In essence, the author's advice goes like this: Watch carefully how you explain events to yourself – and, when you take an overly dim view of things, develop the habit of challenging your pessimism.
The method starts with a self-analysis technique the author calls ABC, for adversity, belief, and consequence. Here's how ABC analysis works.
Something adverse happens – that's "A". Think immediately about how you interpret it – that's "B," for belief. Now, what sort of action or outcome did that belief trigger? That would be "C," or consequence.
Here's an example from the book. Say a close friend doesn't immediately return your call. If you tend toward pessimism, you might believe that she's mad at you for some reason – that you've let her down somehow. The consequence might be a bad mood for the rest of the day.

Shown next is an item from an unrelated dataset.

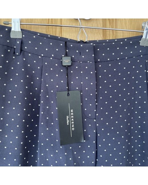 Max Mara Weekend Blue Stretch Slim Cigarette Trousers UK 12 Star New Tags Amazing trousers Pleated front Waist 32 inches Inside leg 28 inches New with tags Blue trousers and white stars Box 2

The author suggests that people trying to boost their optimism write down four or five ABC scenarios over the course of a day or two. From there, he suggests adding a fourth letter to the ABC exercise: "D" for disputation. Under each scenario you've come up with, objectively dispute any negative beliefs, using the full range of information available to you – not just the negative stuff.
Sure, it's possible that your friend didn't call you back because she was angry. But didn't she mention recently that she had been working overtime a lot? Rather than being angry, might she simply be ... busy?
With this belief replacing the old one, yesterday's bad mood becomes today's sympathetic feelings for your hard-working friend. Once a pessimist learns to identify the negative beliefs that consistently give his experiences a dark tint, the act of disputing them becomes second nature. Eventually, the pessimist learns to be easier on himself – and morphs into an optimist, even if previously he might never have dared to hope for such a thing.
At the risk of being overly optimistic, it does seem like a wide swath of people could benefit from this book. And we should all pay attention to the author's tip to keep your eyes open for the bit of blue sky peeking out from behind even the darkest clouds.
"Learned Optimism" by Martin EP Seligman is published in paperback by Vintage Books.
That's the end of this episode of Book Insights.